### Material provided
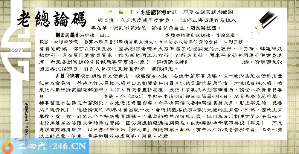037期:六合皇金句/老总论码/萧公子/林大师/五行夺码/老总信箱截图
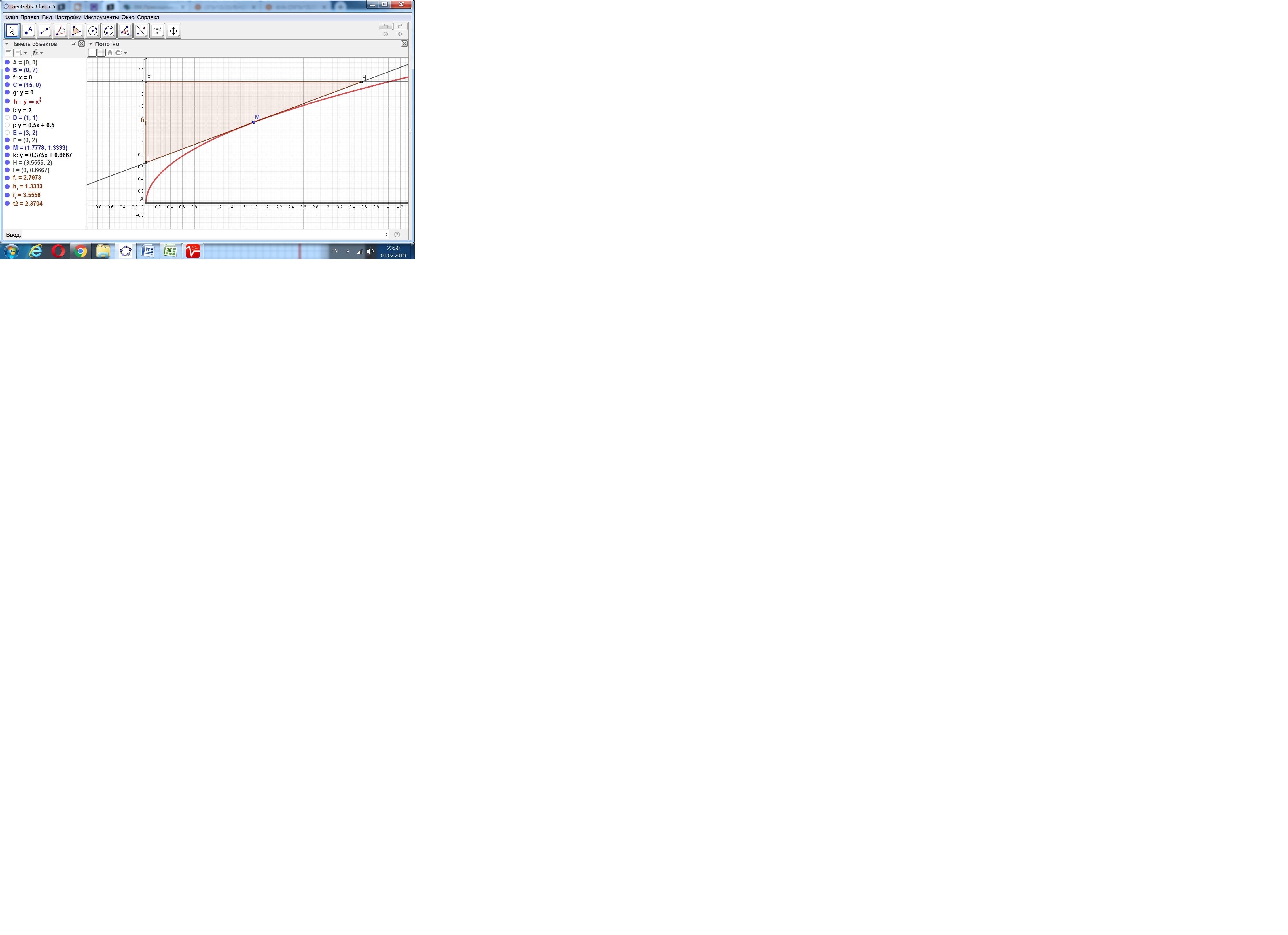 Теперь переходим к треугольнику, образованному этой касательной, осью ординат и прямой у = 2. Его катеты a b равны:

--

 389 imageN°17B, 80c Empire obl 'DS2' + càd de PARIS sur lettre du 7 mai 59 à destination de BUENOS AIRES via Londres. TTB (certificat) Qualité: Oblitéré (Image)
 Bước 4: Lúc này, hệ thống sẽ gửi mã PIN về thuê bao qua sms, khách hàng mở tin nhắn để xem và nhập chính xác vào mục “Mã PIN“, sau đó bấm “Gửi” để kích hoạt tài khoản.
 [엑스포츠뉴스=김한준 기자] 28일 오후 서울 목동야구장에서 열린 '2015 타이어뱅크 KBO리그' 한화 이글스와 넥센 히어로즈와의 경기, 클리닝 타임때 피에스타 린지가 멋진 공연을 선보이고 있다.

==

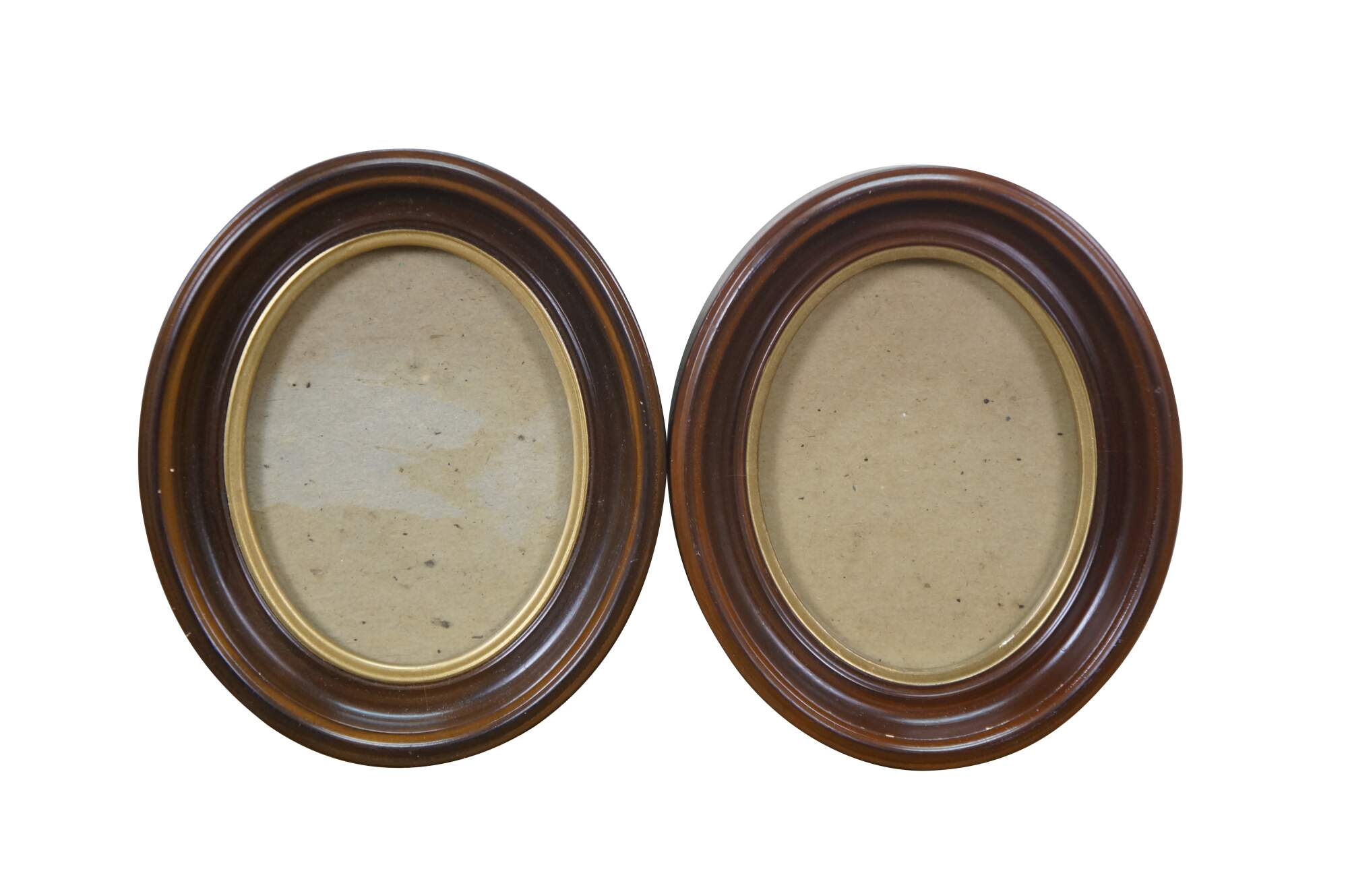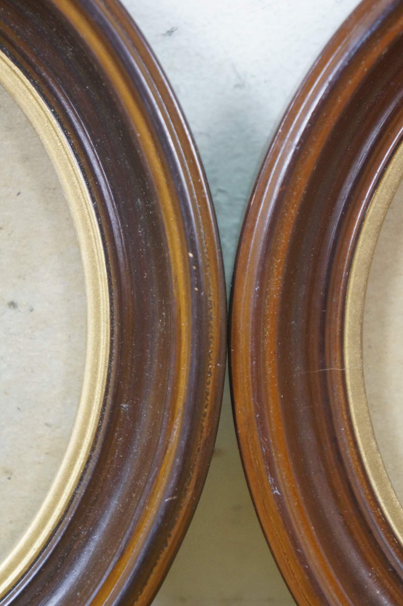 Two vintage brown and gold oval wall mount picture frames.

### What to do
For this task, return exactly the stretch of the listing above from the line with "037期:六合皇金句/老总论码/萧公子/林大师/五行夺码/老总信箱截图" through the line with "Теперь переходим к", inclusive and without pictures.

### Written response
037期:六合皇金句/老总论码/萧公子/林大师/五行夺码/老总信箱截图
 Теперь переходим к треугольнику, образованному этой касательной, осью ординат и прямой у = 2. Его катеты a b равны:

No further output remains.